7 steps to modernize your records management for the digital age

Atle Skjekkeland


Below are my recommendations for simplifying and automating records management in Office 365 and beyond.

  1. Establish a corporate compliance team – don’t rely on the business to define how records should be managed in their business with regulations like the GDPR. A global enterprise will need to comply with several thousands of legal requirments for how records should be managed. The business will know the value of information over time, but the correct retention and security classification should be set by a corporate compliance team consisting of legal, compliance, privacy, IT, and information management experts.

  2. Ensure compliance by design – don’t force users to manually identify, capture, and classify all your electronic records. Automate records management based on past history, role, content, storage location, metadata, and/or machine learning.

  3. Go for big buckets – don’t waste time creating lots of retention schedules. The more buckets, the more options, the more errors, the more complexity.
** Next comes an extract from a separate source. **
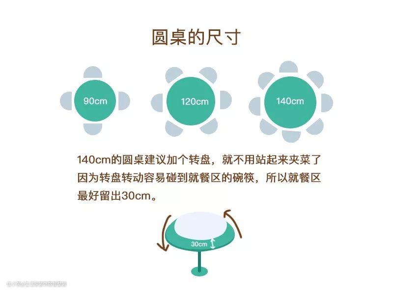 如果拥有视觉感较开阔的开放式或半开放式餐厅,我会建议选择圆形餐桌,圆形餐桌尺寸通常在直径五人位110cm、六人位125cm、八人位130cm、十人位150cm、十二人位180cm。

Minimize instead the number of retention schedules to make it easier for users and machines to pick the right retention.

  4. Ensure your corporate requirements cover your local requirements – don’t waste time and resources implementing different retention schedules for different locations. Set your corporate requirements based on the toughest requirements. For example, if financial information needs to be kept minimum 10 years in the EU, and 7 years in the US, make then 10 years your corporate retention requirement. If HR files need to be deleted maximum 5 years after an employee leaves in the EU, and never in the US, make then 5 years your corporate retention requirement.

  5. Get rid of disposition reviews – don’t waste time on manual disposition reviews at the end of the retention. A manual review may make sense for Iron Mountain boxes, but not individual records. As an example, 10% disposition reviews of 10 mill records with each review taking 15 minutes, is 31,250 days. Do automatic disposition for records that can’t be kept permanent.

  6. Minimize the use of event-based retention – don’t complicate the user experience and waste IT resources on event-based retention unless absolutely necessary. Event-based retention requires users to add unique metadata to identify the relevant records, e.g. employee number, agreement number, and triggers to be established to start the retention, e.g. employee leaving your organization, agreement has expired. Try instead to rely on data-based retention based on information lifespan.

  7. Automate the disposition of non-records – don’t waste storage space, clutter search results, and increase eDiscovery costs by storing ROT (redundant, trivial, outdated) information forever. Ensure all information has a lifecycle, not only records. Do automatic deletion of non-records if they haven’t been modified in 3 years.